L´Italia incupita e sofferta del tardo berlusconismo ci restituisce l´immagine di una democrazia sottoposta da tempo a una pressione ostinata e potente, che tende deliberatamente a comprimere alcuni suoi caratteri storici fondamentali, fissati peraltro nella Costituzione, e a ridurla a un solo elemento: la persistente vibrazione di consenso (l´espressione è di Ezio Mauro) che continua a legare il popolo al suo leader. Se essa c´è, e se dura, il resto non conta. Anche se si tratta di un resto enorme, che comprende di tutto: dalle sentenze dei giudici ai comportamenti personali, dai giudizi sulla crisi economica («È finita, è finita; tutto è tornato come prima, meglio di prima» sembra abbia detto - e si stenta a crederlo - il nostro premier a Mosca) alle ingiurie a quella stampa, colpevole di fare solo il proprio dovere.
Il pericolo sta nel fatto che questa idea impoverita fino all´estremo della democrazia - un´idea, per così dire, "usa e getta": aderisci e dimentica - se ha modo di diffondersi e di radicarsi, può alla fine diventare senso comune (il senso comune non è sempre buon senso) di un Paese provato e distratto. Di un´Italia disposta a soddisfare il bisogno di un riferimento sicuro - l´esigenza fisiologica di leadership - con l´abbaglio tranquillizzante di aver trovato una guida che non impone la fatica di una valutazione quotidiana, ma che si può accettare, grazie alla forza carismatica del suo successo, una volta per tutte, senza più discuterne.
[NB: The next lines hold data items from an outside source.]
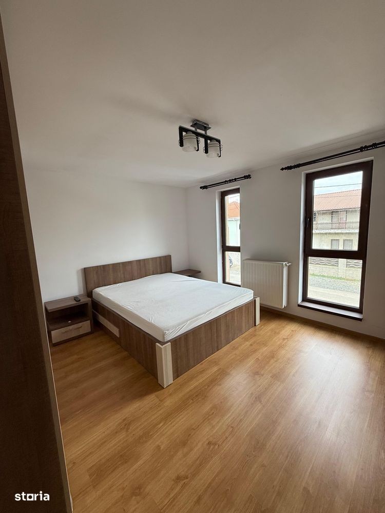 Va propunem spre inchirere Descoperă liniștea naturii la doar câțiva pași de oraș! Casa este amplasată într-una dintre cele mai frumoase zone din Dumbrăvița - lângă pădure și aproape de lac - oferind un cadru perfect pentru relaxare și confort. Imobilul face parte dintr-un ansamblu de case înșiruite, însă se bucură de un avantaj aparte: fiind ultima din șir, dispune de curte proprie în formă de L, cu terasă acoperită, grătar, spațiu de depozitare și loc de parcare acoperit în fața casei. Compartimentare: Parter: hol de acces, bucătărie complet utilată, living luminos și baie de serviciu. Etaj: două dormitoare spațioase și o baie principală. Pod generos, ideal pentru depozitare suplimentară. Casa este complet mobilată și utilată, pregătită pentru mutare imediată. Interiorul este cald, primitor, iar curtea oferă intimitate și un colț de natură la doar câteva minute de centrul Timișoarei. Ideală pentru o familie tânără sau un cuplu care își dorește confort, liniște și acces rapid către oraș.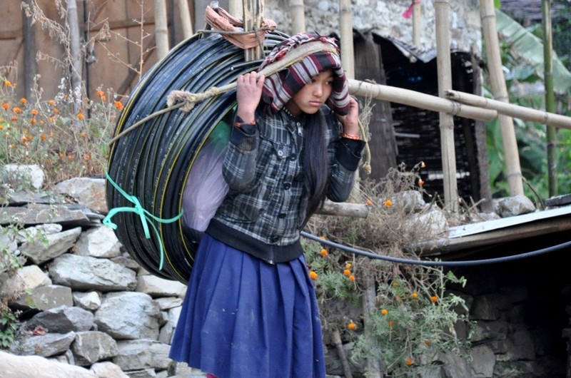 Rano, kilka minut po 6.00, wyruszyliśmy w drogę. Część mężczyzn z rurami i zbiornikami wyszła już wcześniej. Za nami szły dwie dziewczyny w wieku 14 i 16 lat. Każda z nich dźwigała zwój rur ważący ponad 70 kg. Nie wierzyłam własnym oczom, jak to zobaczyłam i strasznie mnie to zbulwersowało. Pasang wytłumaczył mi, że one są przyzwyczajone do tego. Wioska jest niewielka, większość mieszkańców to starcy i dzieci, więc kto miał przyjść? Muszę przyznać, że czułam się strasznie skrępowana, niosąc na plecach niewielki plecaczek.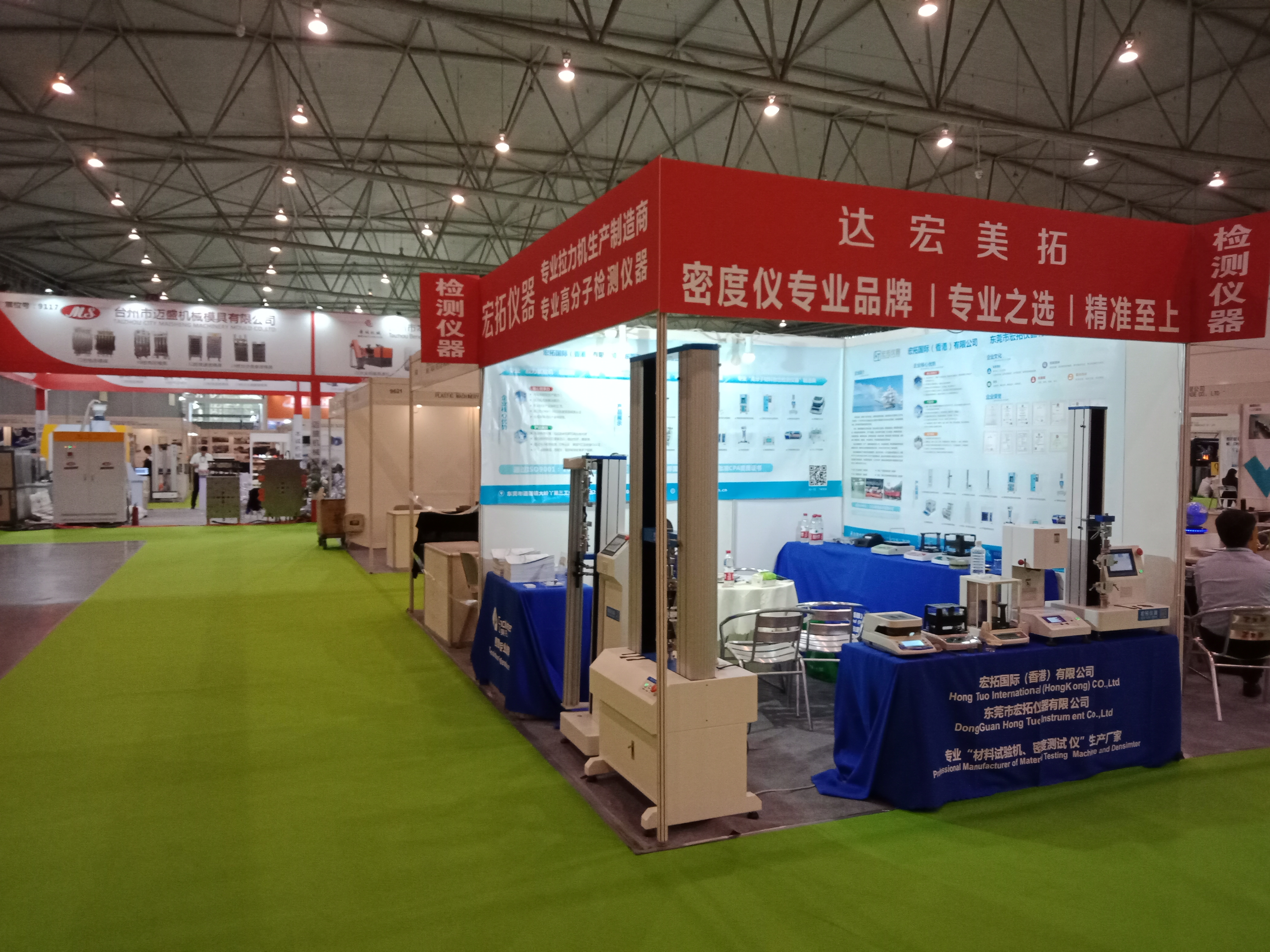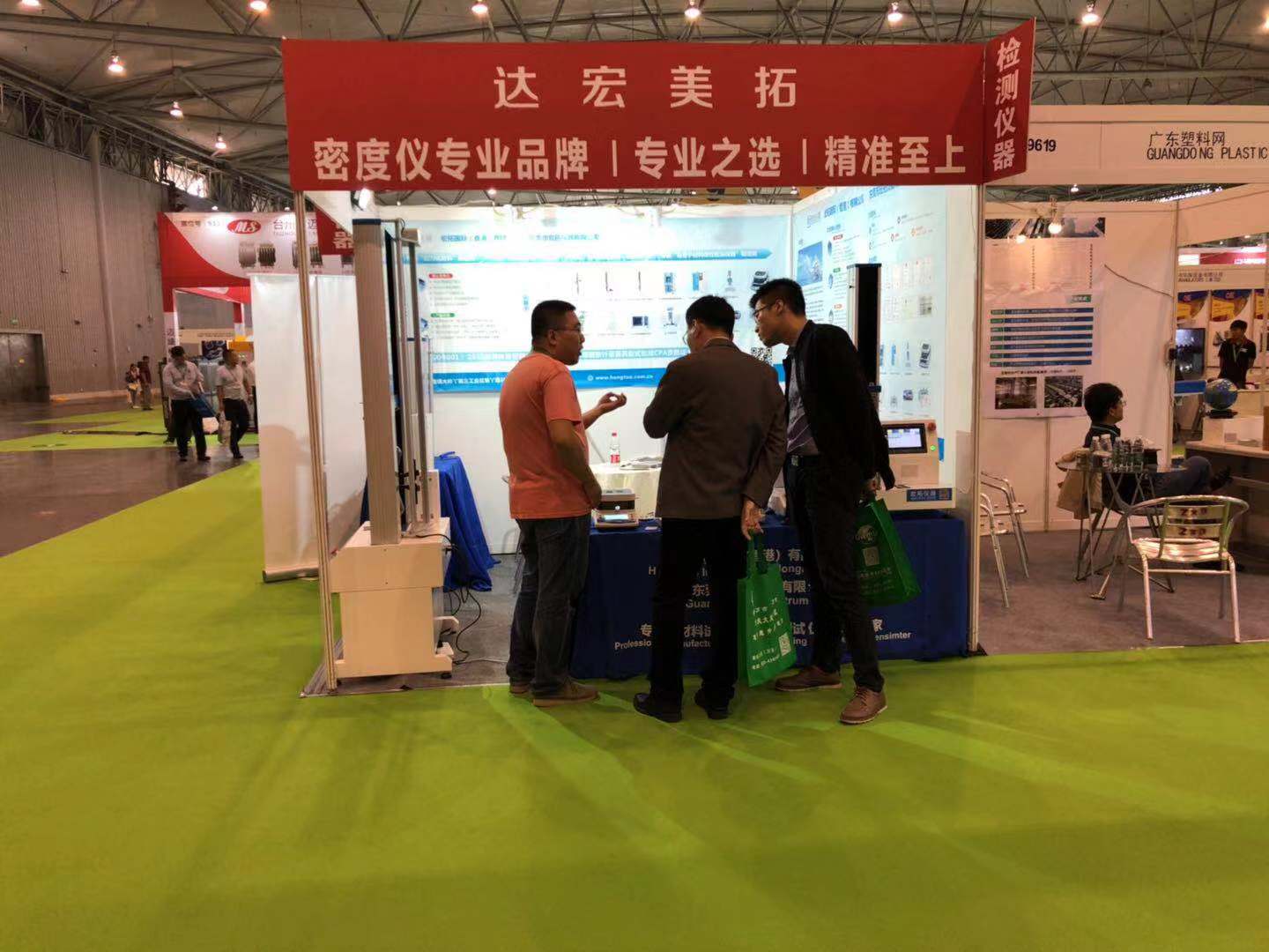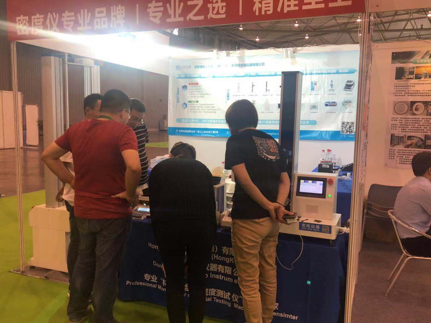 在本次展會上,東莞市宏拓儀器有限公司展出了自主生產的拉力試驗機,密度測試儀,高分子材料物性檢測儀器等企業工廠試驗室標配測試儀器,針對生產企業在拉力測試和物理性能測試中面臨的需求、效率、成本等問題,提供了切實有效的解決方案。歷時3天(10月10-13日)的展會,宏拓儀器展臺吸引了無數參展者的駐足,而工作人員也始終以飽滿的熱情、耐心地與參展者溝通,產品的特色和優勢在宏拓儀器工作人員精彩的演說及演示下展現得淋漓盡致,會場上的專業觀眾及參展企業對產品有一定了解之后,對宏拓儀器所展出的測試儀器表示了極大的興趣,很多客戶都現場進行了詳細咨詢,希望通過這次機會進行深入合作。

Se questo accadesse - se un tale atteggiamento si consolidasse davvero - ci troveremmo di fronte a qualcosa di simile a un autentico sfondamento culturale del nostro sentire democratico, all´apertura di una falla rischiosa nel tessuto politico della Nazione, dalle conseguenze difficilmente calcolabili.
La battaglia cui siamo chiamati deve essere dunque in questa circostanza anzitutto una battaglia di idee, in difesa di un paradigma di democrazia faticosamente costruito, dal quale non possiamo e non dobbiamo scostarci. Nessuno scandalismo moralistico, e nessun facile giustizialismo: è possibile che i comportamenti del premier risultino alla fine irreprensibili, ed è altrettanto possibile che egli si sia solo imbattuto in giudici che hanno sbagliato, per errore grave o per prevenzione ideologica: può accadere ai comuni cittadini come al presidente del Consiglio. Il problema però non è questo, ma riguarda i princìpi, e dunque tocca indistintamente tutti noi.
Il punto cruciale - depurato da ogni personalismo - attiene al rapporto fra legge e consenso: e dunque, se si vuole, al nesso fra legalità e democrazia. È una questione che tormenta da millenni il pensiero politico, e gli equilibri costituzionali contemporanei rispecchiano, nella loro delicatezza, questo lungo lavorio di esperienze e di elaborazioni. Essi ci dicono che la democrazia non è fatta solo di consenso, anche se non può assolutamente prescinderne, ma altresì di un insieme di regole, senza le quali il consenso non solo non basta, ma può trasformarsi in dispotismo e in sovversione. È accaduto molte volte nella storia. Ed è per questo che persino la sovranità popolare - che pure è il fondamento supremo e ultimo di ogni modello democratico - si può esercitare solo «nelle forme e nei limiti stabiliti dalla Costituzione» (come dispone l´articolo 1 della nostra Carta).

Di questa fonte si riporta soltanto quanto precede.